Consumer activist Ralph Nader told the Wall Street Journal on Monday that “given the corporate crimes that Mr. Lerach has brought to justice during his long career, his crimes pale by comparison.” After Lerach pleaded guilty, a host of supporters wrote letters to the judge asking for leniency in his sentencing. The list reads like a minor Who’s Who of the liberal establishment, whose members apparently feel that Lerach may be a criminal but he’s their criminal. There’s Nader; Robert Borosage, head of the Campaign for America’s Future; Pamela Gilbert, the former executive director of the Consumer Product Safety Commission and her law partner Jonathan Cuneo; Sen. Carl Levin (D-Mich.); Robert Monks, the “dean” of shareholder activists; and even Kenneth R. Feinberg, the former special master of the 9/11 victims’ compensation fund. None of the support, though, did any good. Lerach had asked for a six-month sentence but got the max, 24. And that may be a good thing—even for liberals enraged with the corporate excesses he exposed.

Lawyers like Lerach who push the envelope in litigation under the guise of defending the little guy have had a ruinous effect on the integrity of the civil justice system. Large corporations have long argued that class action lawyers are nothing more than extortionists who shake down big companies every time their stocks fall, forcing them to settle or risk fiscal ruin from a big jury verdict. Given what’s known now about how Lerach operated his law firm, it’s hard to say that the perception is only spin. Lawyer misconduct has also given a big assist to big corporations’ long-running campaign to eviscerate consumer-protection laws. Corporate lobbyists have successfully persuaded legislators to pass measures immunizing businesses from lawsuits, claiming they need protection from the likes of Lerach. These laws have helped dramatically reduce the ability of injured people to hold companies accountable for wrongdoing.
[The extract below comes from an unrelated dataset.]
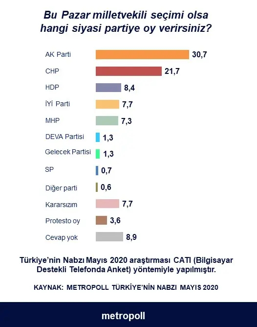 MetroPOLL Araştırma’nın ‘Türkiye’nin Nabzı Mayıs 2020’ anketine göre partilerin oy oranları şöyle:

Nonetheless, as The Nation article illustrates, Lerach is skilled at presenting himself to the press as David fighting corporate Goliaths. He is charismatic and persuasive, and usually right about what he sees as the ills of the business world. (Of course, it doesn’t hurt that he has employed the services of spinmeister Chris Lehane, Al Gore’s former press secretary, to help tell his side of the story.) In November, after pleading guilty to the federal charges, Lerach took to the op-ed pages of the Washington Post and opined about the subprime mortgage meltdown and, of course, to defend himself. In his editorial, he declared, “I’m on my way to prison because, in my zeal to stand up against this kind of corporate greed over the years, I stepped over the line.” Perhaps the prison sentences Lerach once championed for errant CEOs as a way of cleaning up corporate fraud will have a similar effect on those in the legal profession.